### Recorded data
══════════
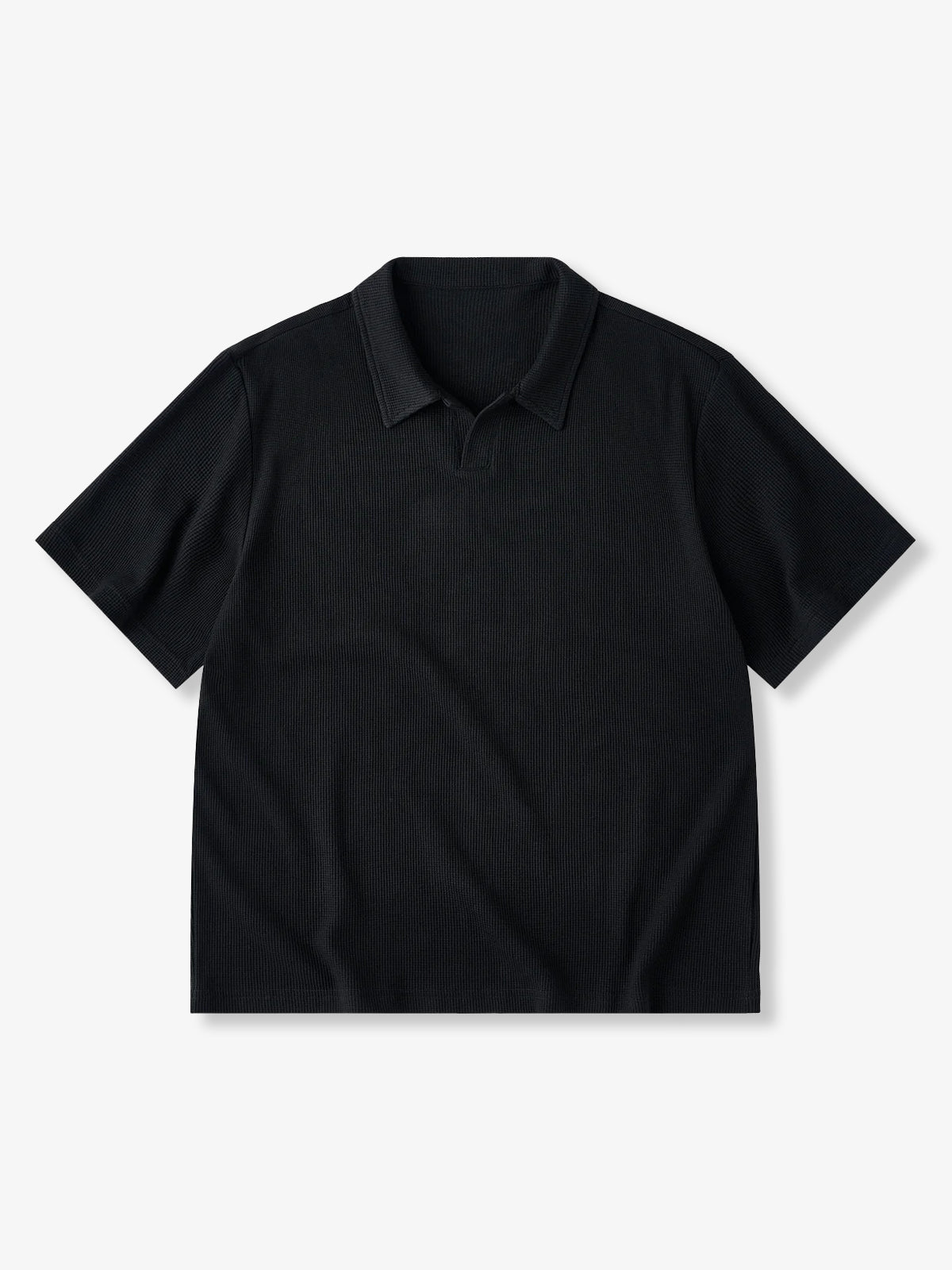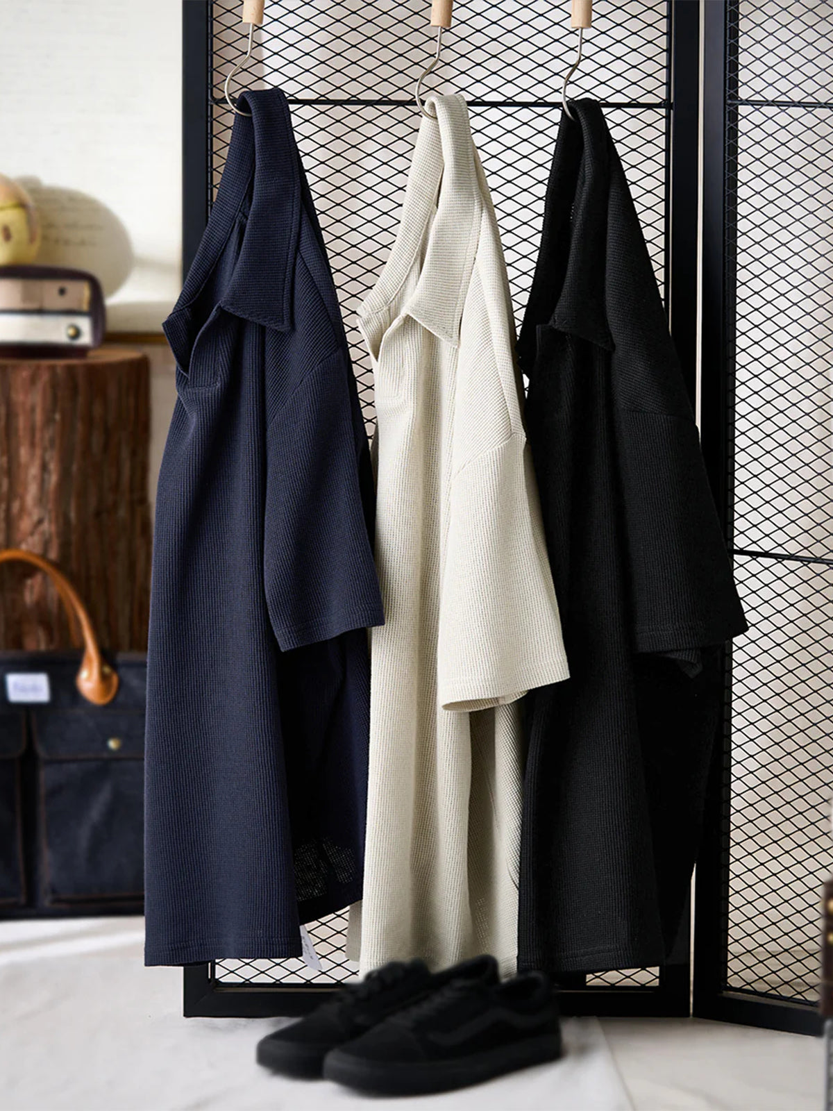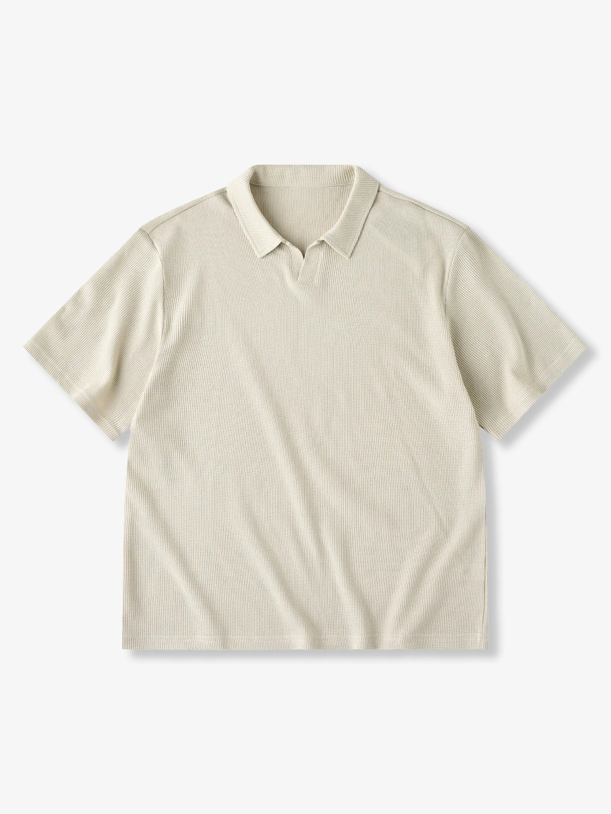 Eliminating the typical buttoned placket of a standard polo shirt, this design offers a more minimal and casual impression. The refined collar retains a hint of formality, creating a relaxed yet composed look. The textured waffle-knit fabric features a three-dimensional surface that is visually and tactilely engaging.
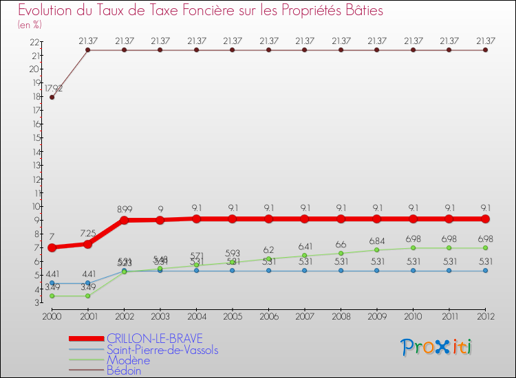 A Crillon-le-Brave, le taux de taxe foncière sur le bâti a donc augmenté de 30 % entre 2000 et 2012.
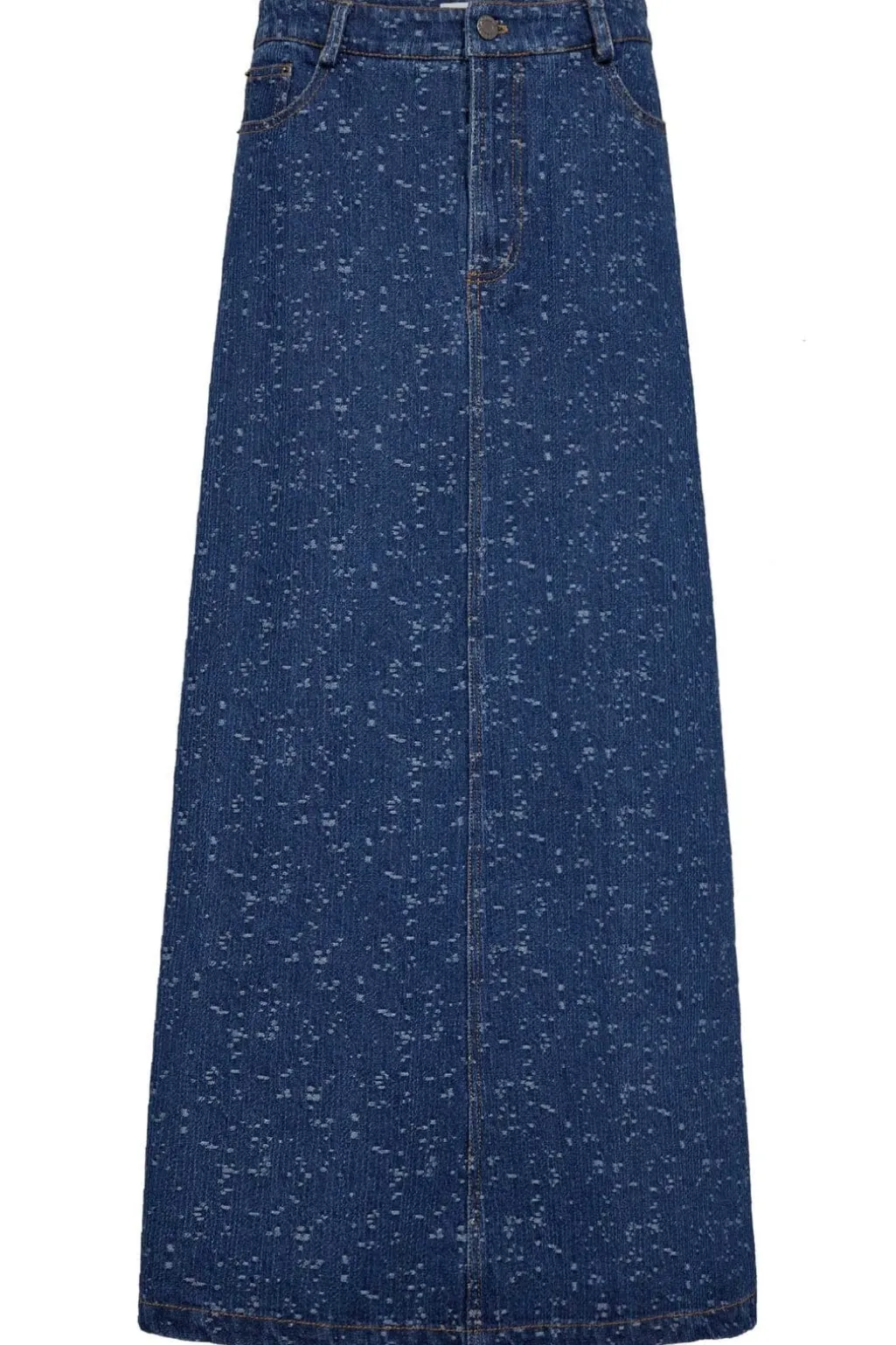 Lang nederdel fra Gossia i blå denim. Nederdelen når ned til anklerne og har en let flared form med synlig syning foran.
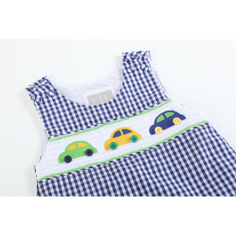 Lil cactus Blue Striped Car Smocked Shortalls, 6-12 Months
══════════
### Work to complete
Word for word, retype the material above without its pictures.

### Solution below
 Eliminating the typical buttoned placket of a standard polo shirt, this design offers a more minimal and casual impression. The refined collar retains a hint of formality, creating a relaxed yet composed look. The textured waffle-knit fabric features a three-dimensional surface that is visually and tactilely engaging.
 A Crillon-le-Brave, le taux de taxe foncière sur le bâti a donc augmenté de 30 % entre 2000 et 2012.
 Lang nederdel fra Gossia i blå denim. Nederdelen når ned til anklerne og har en let flared form med synlig syning foran.
 Lil cactus Blue Striped Car Smocked Shortalls, 6-12 Months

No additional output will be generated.